Шестое число. Январь
Пятое января. Я проваливаю зачет по интегральным уравнениям, к которому совершенно не готовился, ибо ещё с осени пребывал в почти повешенном состоянии. В депрессии, мрачной и затяжной.
Это были моя пятая сессия в университете и мой первый проваленный зачет. Мне было все равно, в то время я думал лишь о самоубийстве, неосознанно пытаясь подвести себя под его неизбежность.
После обеда неловко и грузно прибрел домой, мать на новость о зачете отреагировала настороженно и обеспокоенно. Её давно тревожило моё абсолютное равнодушие к учебе, на которую ходил я далеко не каждый день. До вечера я просидел в комнате, не выходил и курить, чтобы не встретиться с мамой, не попасться ей на глаза в своем крайне мерзком виде. Раздраженно отказался сначала от обеда, а потом и от ужина, на что она горько тихо произнесла:
– И не стыдно тебе так себя вести? Чего тебе не хватает, а?
«Да плевать мне на все ваши «чего», – пронеслось криком в мыслях, но я промолчал и позвонил брату, напросившись к нему в гости с ночевкой.
Одевался тихо, чтобы мама не услышала, а на прощание до меня донеслось:
– Что, с отцом не хочешь встречаться? Стыдно?!
«Да пошли вы все!», – и эти слова остались невысказанными.
Неровно шагая к остановке транспорта, зло бормотал себе под нос «Сдохни, падла, сдохни, сука!» Как будто меня пытались поставить ребенком в угол, но смерти я желал себе.

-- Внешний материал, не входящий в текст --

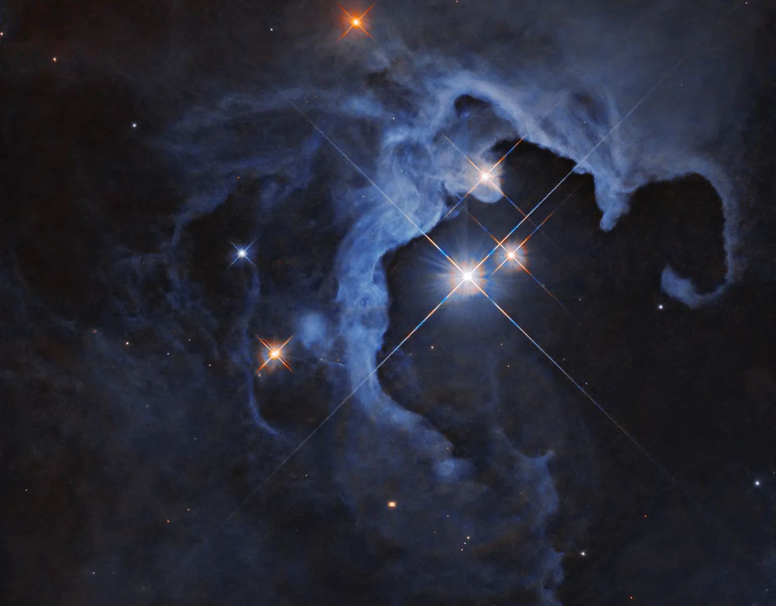 The image recently released shows a wonderful example of a reflection nebula 550 light years away in Taurus. These particular types of nebula are made up of interstellar dust that reflect light from nearby stars, unlike emission nebula which glow in their own right. They have a characteristic blue hue to them due to the reflective properties of the dust. Looking at the image you can easily imagine a hollowed out cavity in the nebula that has been carved by the young stars.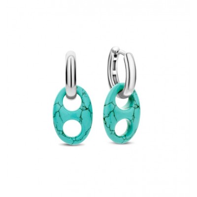 Kolczyki z rodowanego srebra (próby 925) zdobione turkusem o niebanalnym kształcie ziarenka kawy. Połącz te luksusowe ikony z innymi kolczykami, aby stworzyć swoją własną wyjątkową biżuterię.
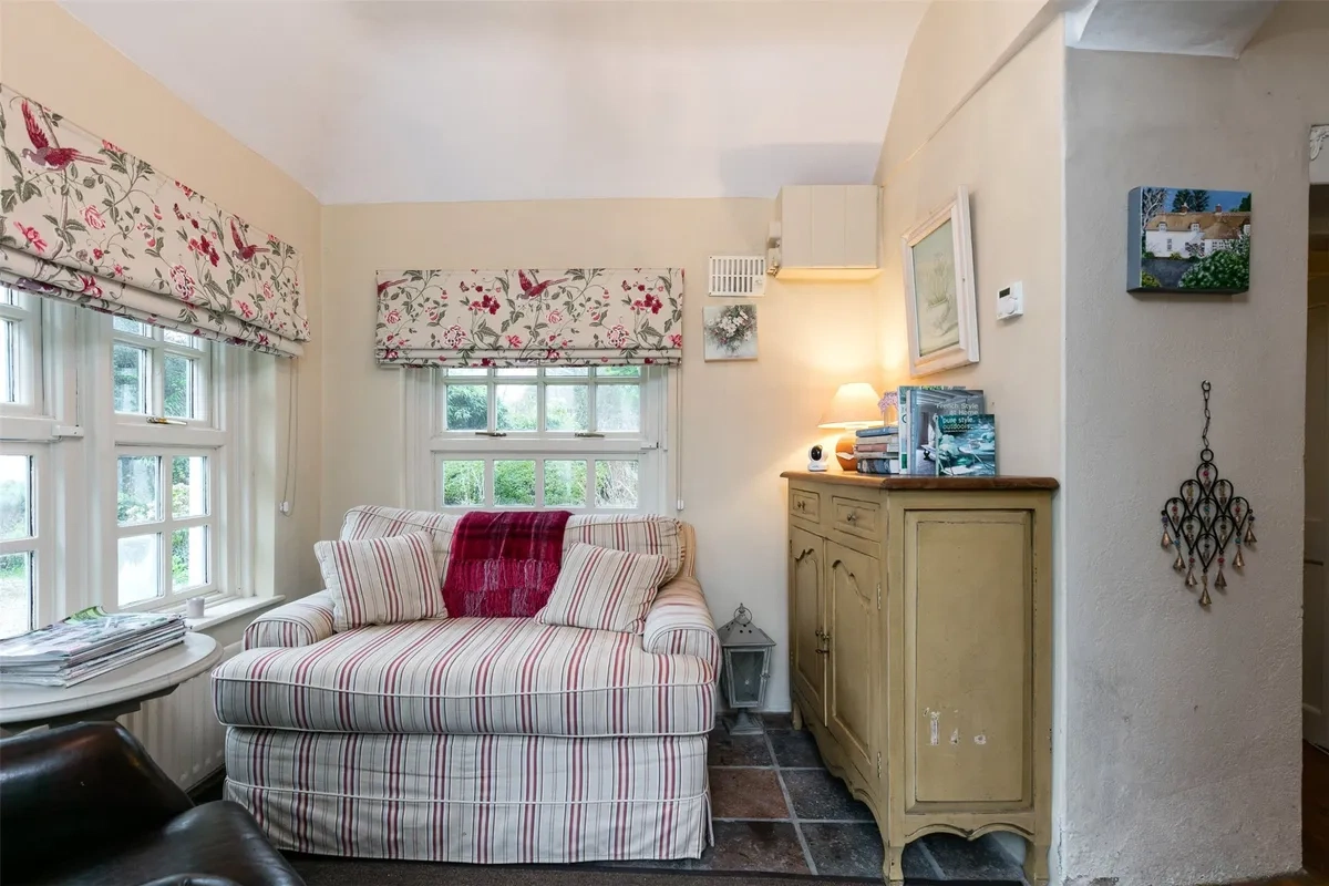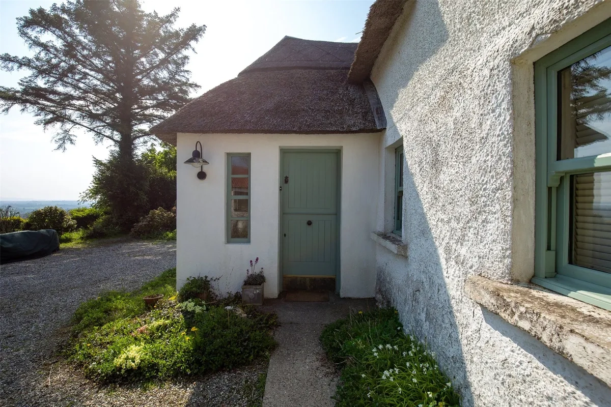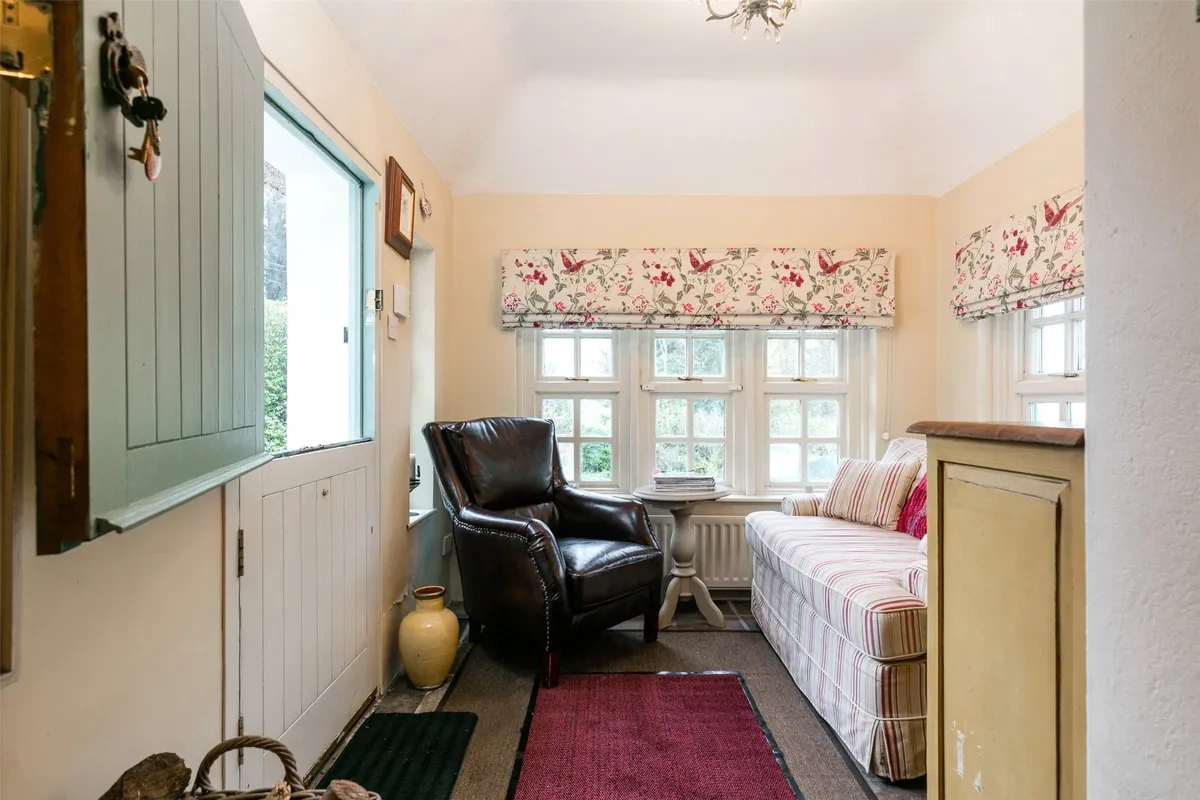 A gravel path leads to the front of the property, where you’ll find ample off-road parking. The front entrance – with a quirky half-door – opens onto a cosy tiled entrance porch, currently being used as a lovely seating area.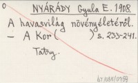 NYÁRÁDY Gyula E. 1908 A havasvilág növényéletéről.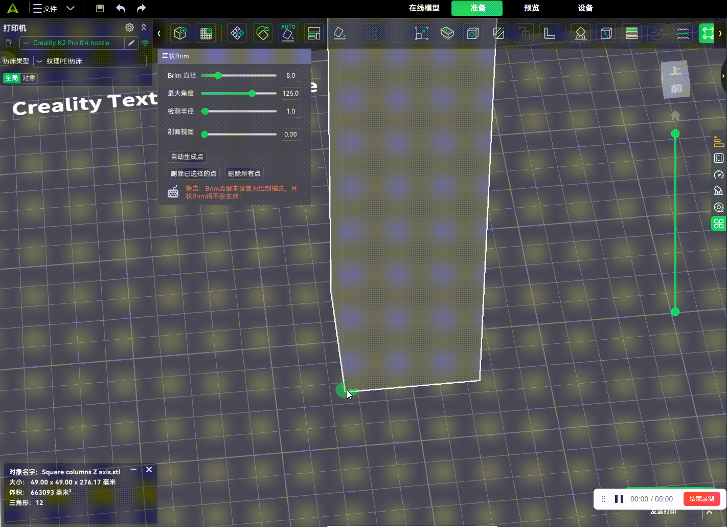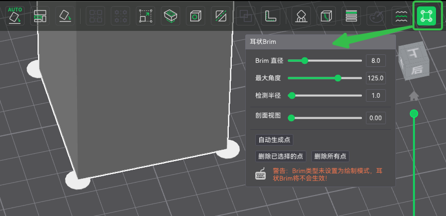 支持在模型底部自由绘制局部附着结构,仅在易翘边区域添加“耳状”Brim,有效提升打印稳定性,同时避免传统全局 Brim 带来的材料浪费与后处理负担,实现更精准、更高效的底面附着控制。感谢@SoftFever的贡献。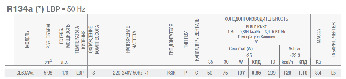 • Хладопроизводительность: 107 Wt (-25°/+55°С) (CECOMAF), 126 kcal/h (-23,3°/+55°С) (ASHRAE)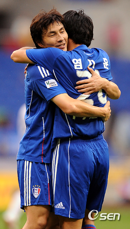 24일 오후 부산 아시아드주경기장에서 열린 '2010 하나은행 FA컵' 결승전 부산 아이파크와 수원 삼성의 경기 전반 수원 염기훈이 선취골을 넣자 수원 리웨이펑과 포옹을 하고 있다.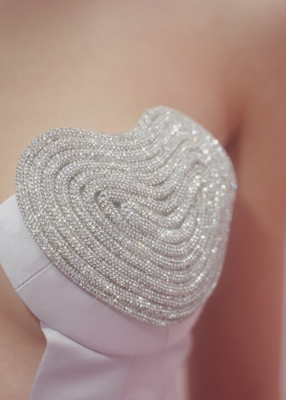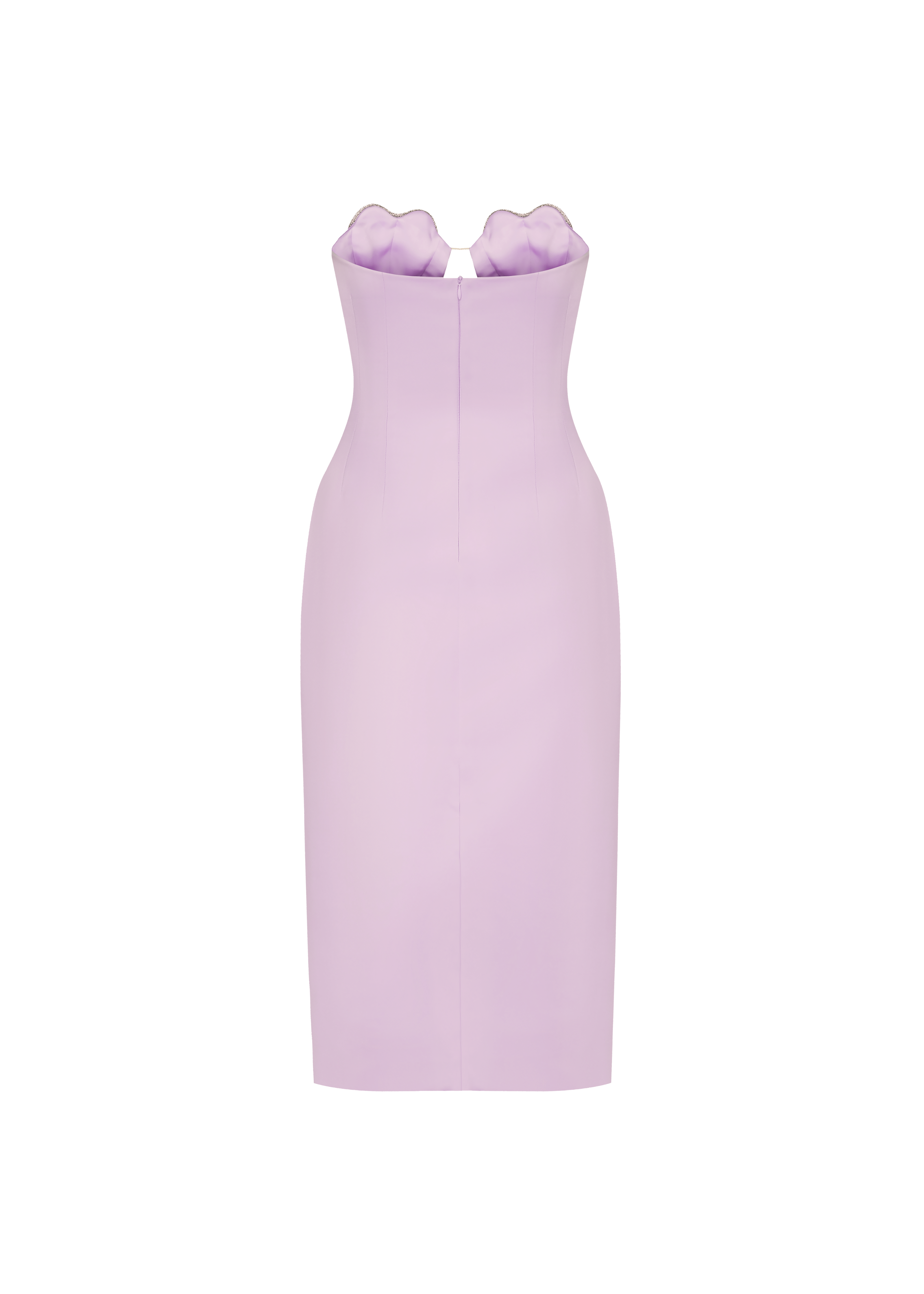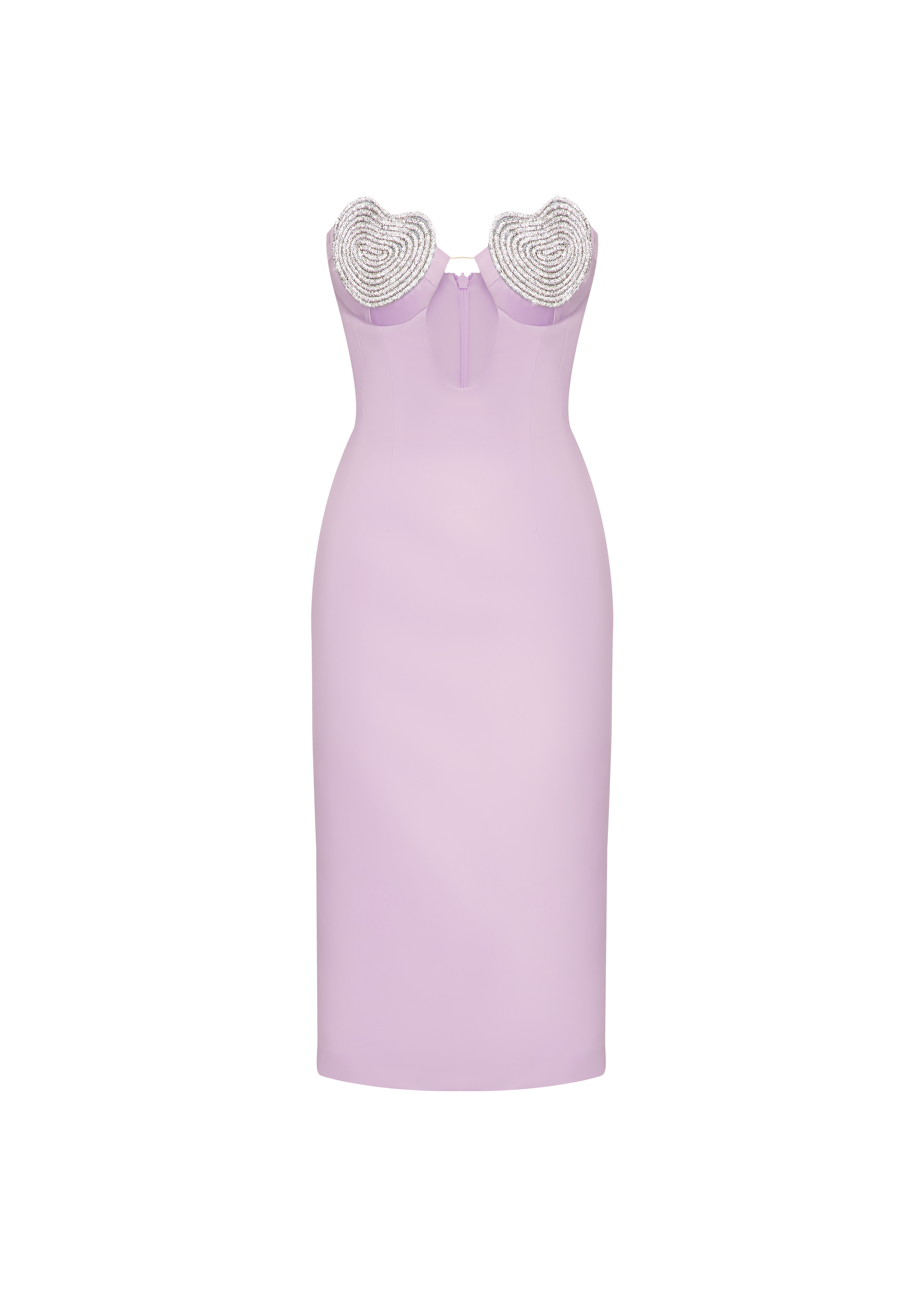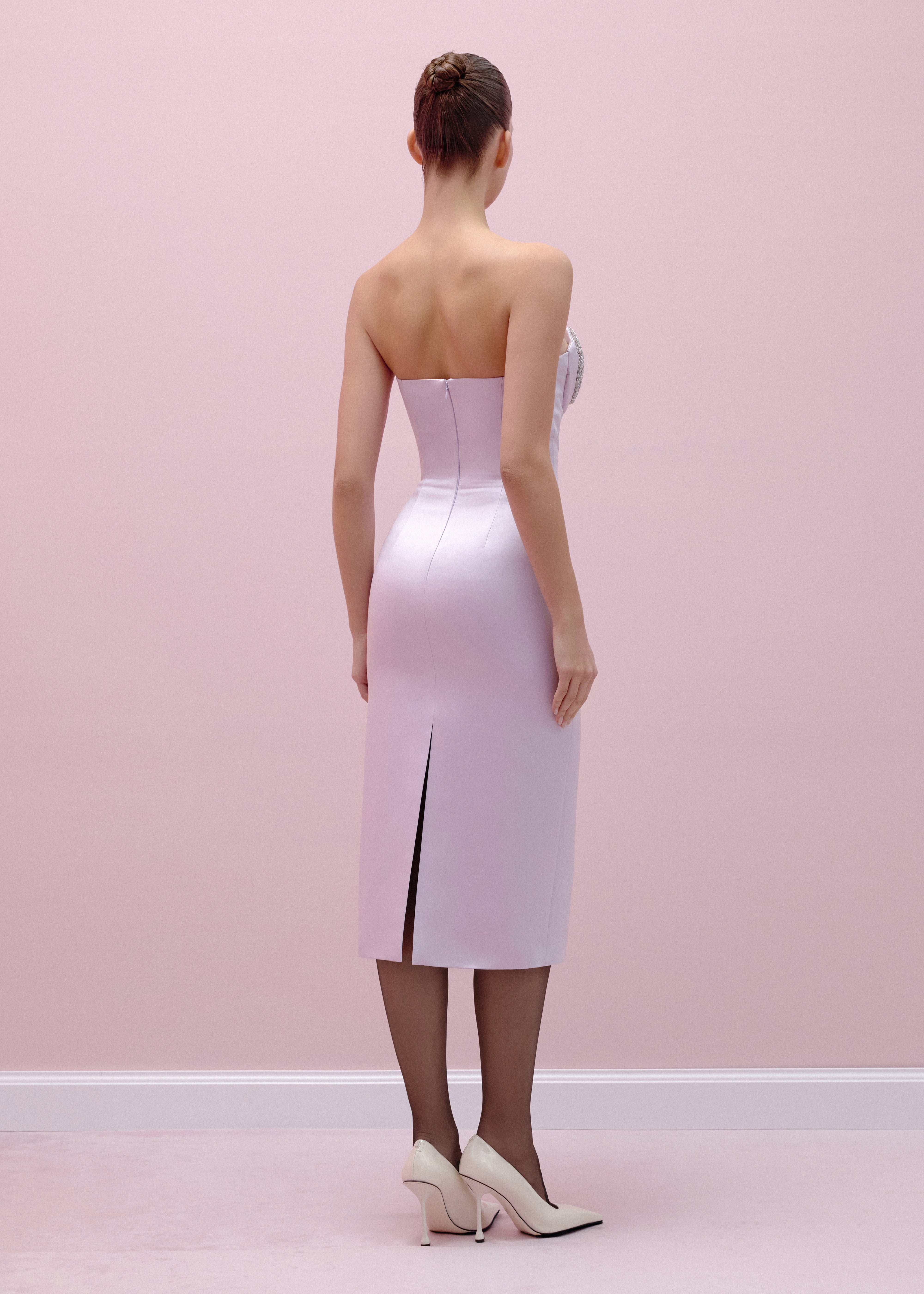 Strapless midi dress, exquisitely designed to showcase the figure with its tight-fitting silhouette that creates flawless flowing shapes. This elegant dress boasts a fitted bustier with an inner corset and a sculpting skirt, creating a truly feminine figure. The keyhole cutout at the bust adds a touch of allure, while the heart-shaped bustier cups are delicately handcrafted and adorned with sparkling crystals, connected by a transparent thread for a subtle and elegant effect. The dress is fastened with a concealed back zipper and hook and eye, ensuring a seamless finish. Fully lined.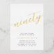 Celebrate her milestone birthday with these chic 90th birthday party invitations featuring "ninety" in modern gold foil hand sketched script lettering. Personalise with your party details beneath. A unforgettable, luxe choice for fabulous 90th birthday celebrations.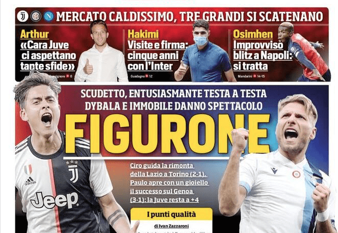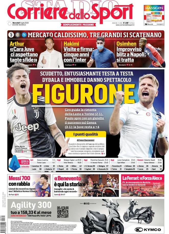 Arthur si presenta alla Juve, Hakimi firma per cinque anni con l’Inter, Osimhen atterra a Napoli per trattare con De Laurentiis. Tanto calciomercato nelle prime pagine dei quotidiani sportivi in un 1 Luglio all’insegna del campionato: dopo Torino-Lazio (“Toro da Serie B” titola Tuttosport) vinta dai biancocelesti e Genoa-Juventus dai bianconeri, oggi scendono in campo altre 12 squadre: si parte alle 19.30 con Bologna-Cagliari e Inter-Brescia, quindi spazio a Fiorentina-Sassuolo, Verona-Parma, Lecce-Sampdoria e SPAL-Milan.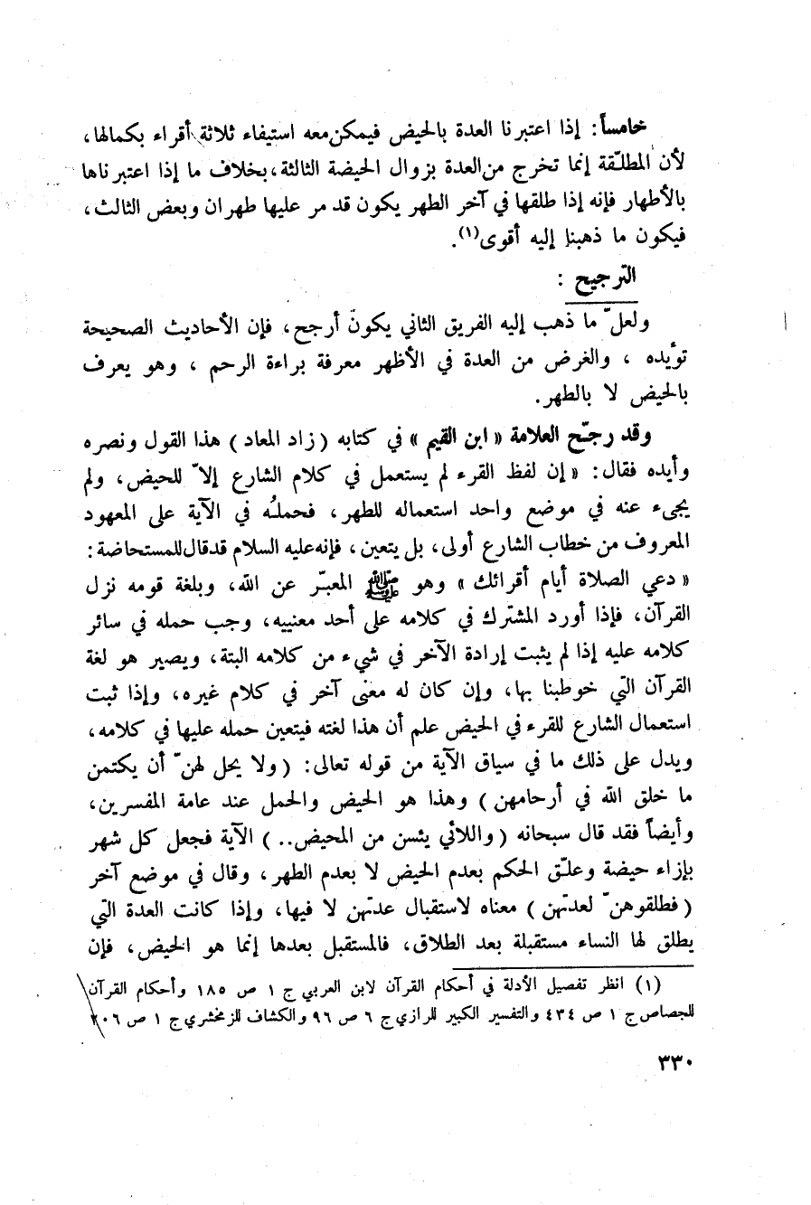 وقد رجّح العلامة «ابن القيم» في كتابه «زاد المعاد» هذا القول ونصره وأيده فقال: «إن لفظ (القرء) لم يستعمل في كلام الشارع إلاّ للحيض، ولم يجيء عنه في موضع واحد استعماله للطهر، فحملُه في الآية على المعهود المعروف من خطاب الشارع أولى، بل يتعين، فإنه عليه السلام قد قال للمستحاضة:» دعي الصلاة أيام أقرائك «وهو صَلَّى اللَّهُ عَلَيْهِ وَسَلَّم َ المعبّر عن الله، وبلغه قومه نزل القرآن، فإذا أورد المشترك في كلامه على أد معنييه، وجب حمله في سائر كلامه عليه إذا لم يثبت إرادة الآخر في شيء من كلامه البتة، ويصير هو لغة القرآن التي خوطبنا بها، وإن كان له معنى آخر في كلام غيره، وإذا ثبت استعمال الشارع للقرء في الحيض علم أن هذا لغته فيتعين حمله عليها في كلامه، ويدل على ذلك ما في سياق الآية من قوله تعالى: {وَلاَ يَحِلُّ لَهُنَّ أَن يَكْتُمْنَ مَا خَلَقَ الله في أَرْحَامِهِنَّ} وهذا هو الحيض والحمل عند عامة المفسرين، وأيضاً فقد قال سبحانه:

С яростью достал студенческий билет и начал его рвать на кусочки, настолько мелкие, насколько могли осилить его корку замерзающие пальцы. Обрывки я выбрасывал порциями через каждые десять-пятнадцать шагов. «Завтра, завтра», – принял я решение покончить с собой. Ожидая маршрутку, курил непрерывно, подпитывая тошнотой внутреннее бешенство, которое потребовало разорвать ещё и зачетную книжку. Изорвал её крупными кусками, весь этот мусор положил в сугроб и утопил в нём ногой, набросав затем ботинком в образовавшуюся ямку снега.
Ненадолго полегчало, ибо с собой-студентом уже покончено. В дороге решил броситься с моста на замерзшую реку. Это было мое первое доведенное до выбора способа суицидальное решение.
Разговаривать с братом совсем не хотелось, был упрямо и неадекватно молчалив. Расположился за кухонным столом и начал писать. «Писарь», – пошутил брат и ушел к себе в комнату. Два часа боль и слезы переливались мною из пустого в порожнее, то и дело переворачивалась магнитная кассета Черного Обелиска.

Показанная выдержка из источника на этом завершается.